Over the next few days I learn more than I ever wanted to know about coma patients. I learn that Gloria’s Glasgow Coma Scale score is 8, which means she’s in bad shape but does have at least some chance to recover. I learn about daily sponge baths and frequent changes of position so she won’t develop sores. I learn she might never wake up and if she does she might have significant brain damage.
And I learn there might not be a damned thing anyone can do about any of it.
I want to, of course. Though we’re not close, she’s the only sibling I have left and I can’t imagine losing her too. I keep thinking that if I’d only agreed to meet her that night none of this would have happened. So I sit by her bedside as much as I can, going straight there after work every day to relieve my parents who spend the days with her, because at least that feels like doing something.
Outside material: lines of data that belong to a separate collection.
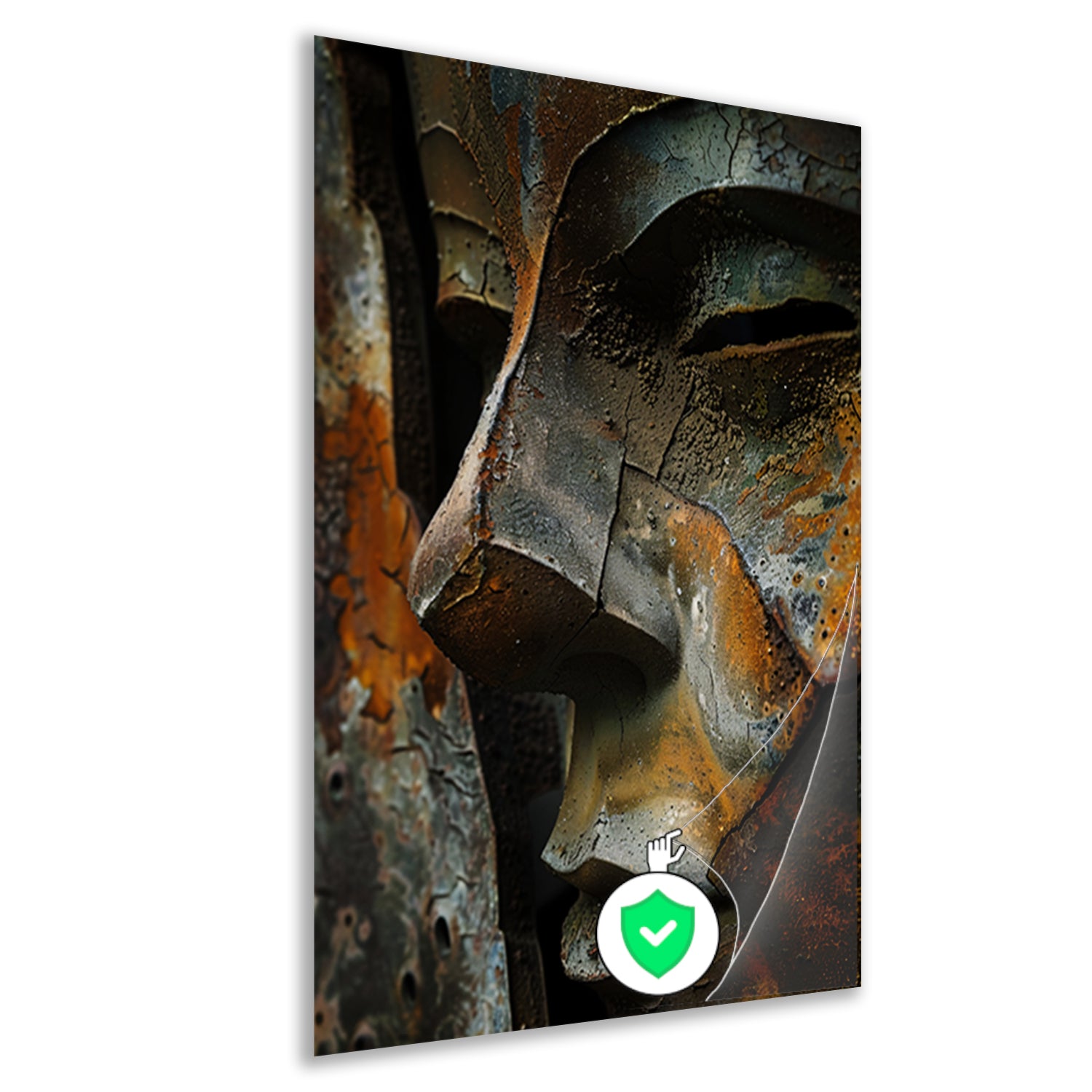 Digitaal portret van verweerd gezicht poster
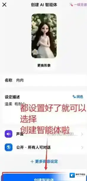 5、可以多试几次,选择最满意的,最后点击创建智能体就可以啦!头像你可以自己选也可以让ai自动帮你生成
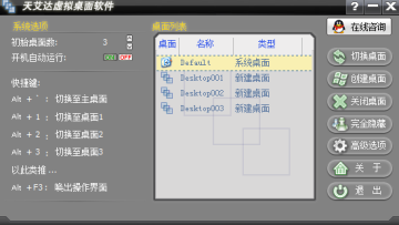 1、可以创建一个或更多个桌面, 您可以指定让该软件创建多少个桌面, 这样就不会有桌面不够用或桌面太多的情况
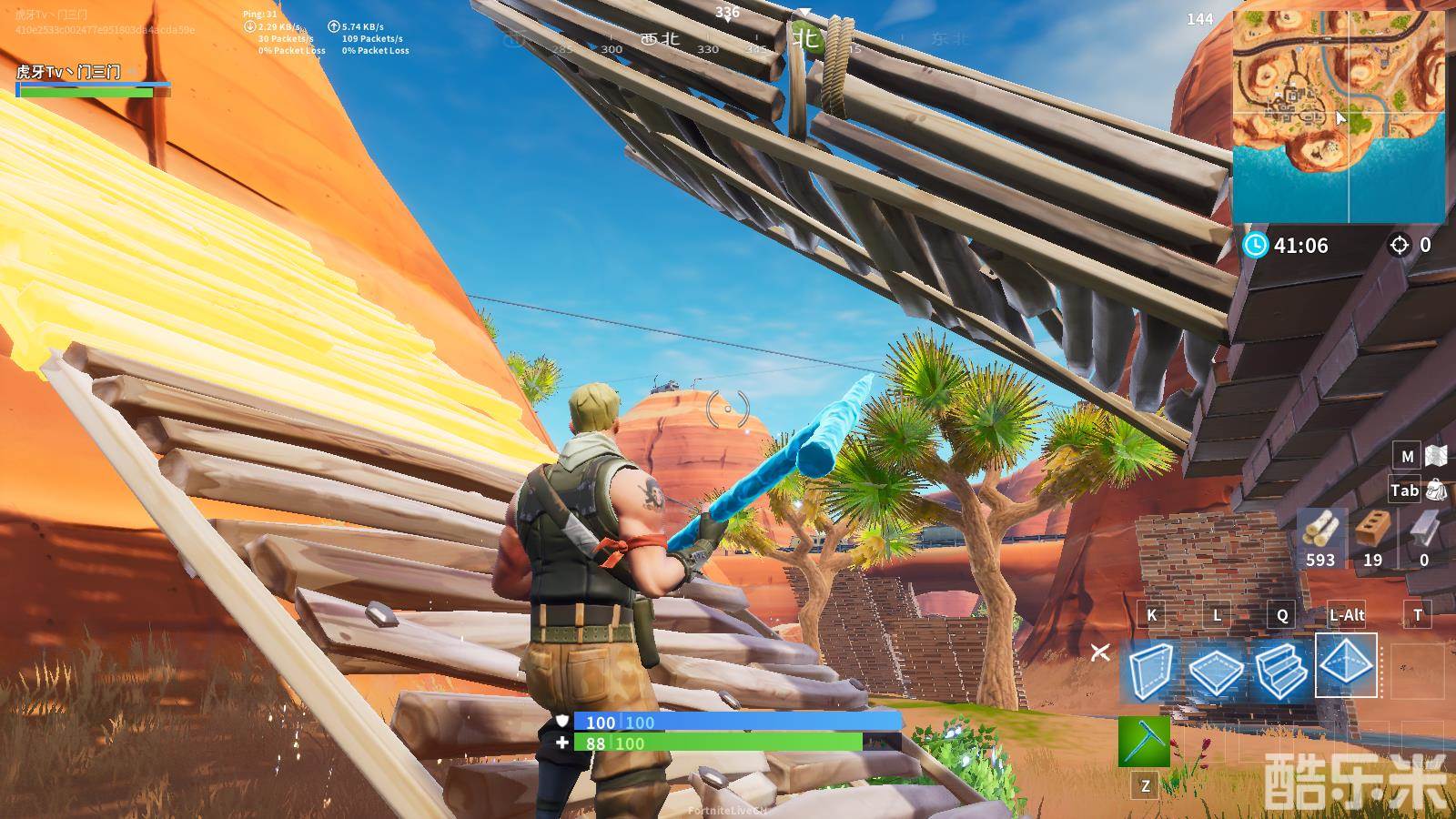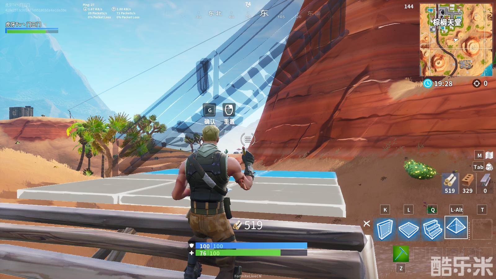 屋顶改板的前面步骤类似于第1点,只不过不是直接改板下了,而是补一个屋顶。这里的屋顶即可改板让玩家落下继续前进,也可以进行挡伤害,还可以继续改板搭高,是三门比较推荐的一种组合板。
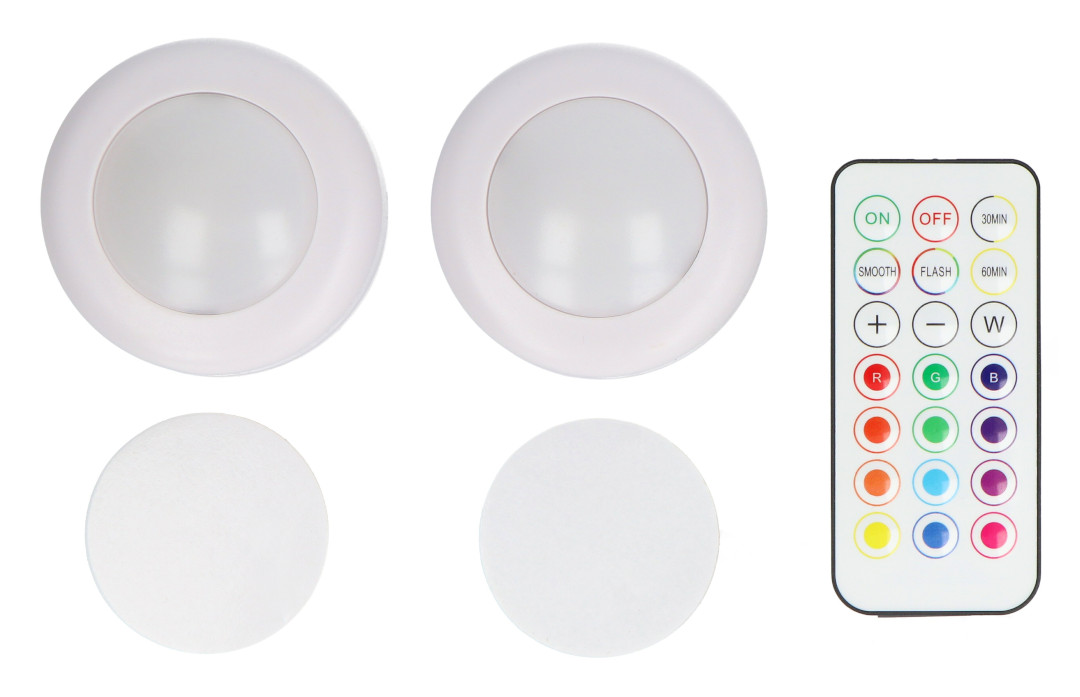 Popis produktu: Sada RGBW LED světel s dálkovým ovládáním - KC007 - 16 barev - 62,2 x 27,6 mm - 2 ks - Bambu Lab
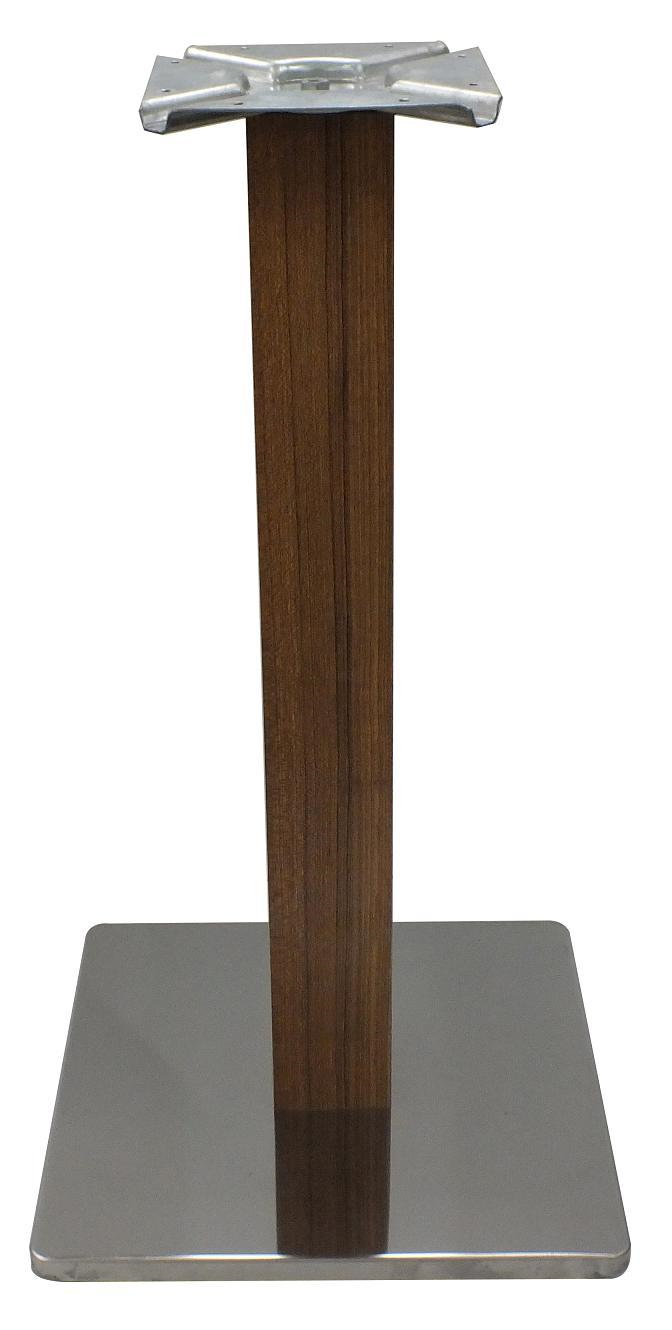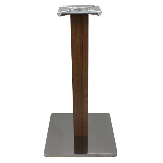 Опора столу з прямою колоною, виготовлена з нержавіючої сталі AISI 430 і МДФ, з регульованими підніжками (нівелюють нерівності підлоги) і знімними гумовими демпферами (захищають підлогу від пошкоджень під час збирання). Для круглих, квадратних, прямокутних стільниць з товщиною ). Опора доступна у різних варіантах обробки.
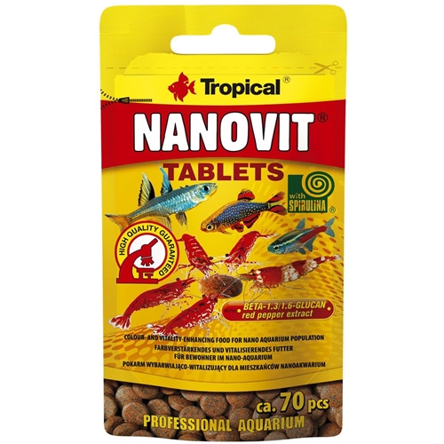 Tabletki Nanovit Tablets mogą być używane zarówno jako tonące, jak i samoprzylepne. Ze względu na swój rozmiar polecane są szczególnie dla niewielkich gatunków ryb wszystkożernych i mięsożernych oraz dla skorupiaków i ślimaków w nanoakwariach. Nie obciążają zbiornika nadmierną ilością substancji organicznych, co ułatwia utrzymanie czystości w nanoakwarium, a tym samym ogranicza rozwój glonów. Barwy ryb intensyfikują: naturalna astaksantyna, beta-karoten i ekstrakt z czerwonej papryki, które ponadto wpływają korzystnie na wiele procesów fizjologicznych, m.in. wzrost i rozmnażanie. Obecne w pokarmie mięczaki i skorupiaki, w tym smakowite kalmary, są źródłem bardzo dobrze przyswajalnego białka. Naturalny immunostymulator – beta-glukan – oraz substancje aktywne spiruliny wzmacniają układ odpornościowy ryb i skorupiaków.

Gloria’s friends show up in groups of two and three every night, and I leave the room when they arrive because I can’t handle their emotions or their sympathy. I’m getting enough of both at work, too much, despite asking again for everyone to just act like nothing is wrong. Mara came to the hospital once, but she couldn’t stop crying and eventually I had to tell her to leave so she wouldn’t upset Gloria. Andy, to my surprise, called and told me how sorry he was and asked if there was anything he could do. There isn’t, of course, and I told him so, but he said he’ll call again later. I can’t say I care either way.
Since I’ve also learned that coma patients might be able to hear despite not being able to respond, I talk as much as I can when I’m with Gloria so she’ll hear a familiar voice if she can hear. That helps me too, because while I’m talking I can’t eat.
I manage to stick to that 1200-calorie diet. Mostly. I can’t resist a peanut butter cup when Jaimi shyly offers me one Wednesday, and I eat a few other things I shouldn’t, but even my worst day doesn’t go over 1300 calories.
On Friday, though, when we meet with Doctor Wise at one o’clock for an official update, I know I haven’t done enough.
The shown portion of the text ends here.